Navy headquarters in Washington ordered twenty-one of the most modern ships in the
7th Fleet to leave Pearl Harbor and deploy at Wake and Midway Islands. The aircraft
carriers, Lexington and Enterprise were among those ships. This not only left the
remaining Fleet with drastically reduced protection, it also meant that the ships anchored
in the harbor were primarily old relics from World War I, many of which were already
slated to be scrapped. As Secretary of War Stimson had stated in his diaries: "The
question was, how we should maneuver them into firing the first shot without allowing
too much damage to ourselves." Sacrificing only the old and marginally useful ships was
the solution to that problem.

Were the victims at Pear Harbor insulated from information that might have allowed
them to protect themselves? Could those thousands of Americans who lost their lives
been alerted in time to take defensive action? Or were they deliberately sacrificed on the
alter of collectivism because their deaths were needed to create the emotional drama to
justify going to war? The answer to this question is not a pleasant one.

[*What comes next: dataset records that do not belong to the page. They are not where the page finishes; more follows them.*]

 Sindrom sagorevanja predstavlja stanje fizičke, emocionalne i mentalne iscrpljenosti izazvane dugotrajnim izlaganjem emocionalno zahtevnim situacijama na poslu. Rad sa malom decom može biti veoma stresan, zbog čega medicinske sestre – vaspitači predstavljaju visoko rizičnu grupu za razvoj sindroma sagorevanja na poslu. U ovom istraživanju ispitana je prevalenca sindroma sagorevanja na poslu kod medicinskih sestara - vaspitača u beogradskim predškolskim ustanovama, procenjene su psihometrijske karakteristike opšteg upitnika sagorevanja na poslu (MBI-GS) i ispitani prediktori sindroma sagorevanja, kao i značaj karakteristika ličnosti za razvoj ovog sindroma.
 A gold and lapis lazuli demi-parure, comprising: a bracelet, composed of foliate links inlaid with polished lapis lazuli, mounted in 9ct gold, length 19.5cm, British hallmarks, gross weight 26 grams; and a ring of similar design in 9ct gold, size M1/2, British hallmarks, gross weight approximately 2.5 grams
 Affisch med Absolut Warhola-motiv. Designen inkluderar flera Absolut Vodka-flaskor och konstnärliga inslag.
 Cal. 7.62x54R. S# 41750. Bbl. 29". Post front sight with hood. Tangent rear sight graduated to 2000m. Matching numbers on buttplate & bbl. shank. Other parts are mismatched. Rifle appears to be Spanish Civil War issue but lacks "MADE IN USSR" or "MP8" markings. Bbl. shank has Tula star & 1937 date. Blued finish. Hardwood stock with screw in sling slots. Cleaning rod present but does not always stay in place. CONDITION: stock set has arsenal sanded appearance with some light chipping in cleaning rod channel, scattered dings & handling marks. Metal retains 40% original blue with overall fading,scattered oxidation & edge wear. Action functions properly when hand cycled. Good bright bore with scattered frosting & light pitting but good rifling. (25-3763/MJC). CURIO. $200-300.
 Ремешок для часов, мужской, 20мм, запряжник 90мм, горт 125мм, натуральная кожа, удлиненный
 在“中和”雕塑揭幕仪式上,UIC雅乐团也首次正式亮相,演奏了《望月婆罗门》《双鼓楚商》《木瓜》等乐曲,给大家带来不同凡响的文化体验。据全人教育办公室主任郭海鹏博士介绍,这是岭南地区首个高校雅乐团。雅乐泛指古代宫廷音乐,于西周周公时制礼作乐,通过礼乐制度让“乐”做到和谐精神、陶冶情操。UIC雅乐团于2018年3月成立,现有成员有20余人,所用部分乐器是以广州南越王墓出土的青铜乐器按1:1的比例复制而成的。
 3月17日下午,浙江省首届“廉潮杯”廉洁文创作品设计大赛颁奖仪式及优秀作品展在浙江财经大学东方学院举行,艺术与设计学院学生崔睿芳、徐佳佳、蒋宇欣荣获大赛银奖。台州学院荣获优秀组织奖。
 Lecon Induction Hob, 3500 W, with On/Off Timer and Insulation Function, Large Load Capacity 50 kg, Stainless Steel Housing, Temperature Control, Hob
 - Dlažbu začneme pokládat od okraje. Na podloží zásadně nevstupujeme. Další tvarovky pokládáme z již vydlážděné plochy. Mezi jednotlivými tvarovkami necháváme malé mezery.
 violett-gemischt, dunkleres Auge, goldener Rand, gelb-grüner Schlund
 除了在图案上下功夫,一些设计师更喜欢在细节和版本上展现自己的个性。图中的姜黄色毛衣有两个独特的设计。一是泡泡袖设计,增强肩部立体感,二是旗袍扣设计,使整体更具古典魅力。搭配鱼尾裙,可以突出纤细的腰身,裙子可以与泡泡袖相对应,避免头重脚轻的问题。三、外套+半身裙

INTERCEPTED CODED MESSAGES

Throughout this time, the Japanese were using a combination of military and diplomatic
codes. United States intelligence agencies had cracked all of them. For three months prior
to the allegedly surprise attack, they knew everything in minute detail. Yet, not one of
those messages was ever forwarded to the commanders at Pearl Harbor. In his memoirs,
Admiral Kimmel said: "At Pearl Harbor, General Short and I knew only a small part of
the political story behind the Japanese attack. Care was taken not to send us the
intercepted Japanese messages, which told in great detail each step in the Japanese
program…. For three months prior to the attack on the fleet a wealth of vital information
received in Washington was withheld from the commanders in Hawaii. The information
received during the ten days preceding the attack clearly pointed to the fleet at Pearl
Harbor as the Japanese objective, yet not one word of warning and none of this
information was given to the Hawaii commanders."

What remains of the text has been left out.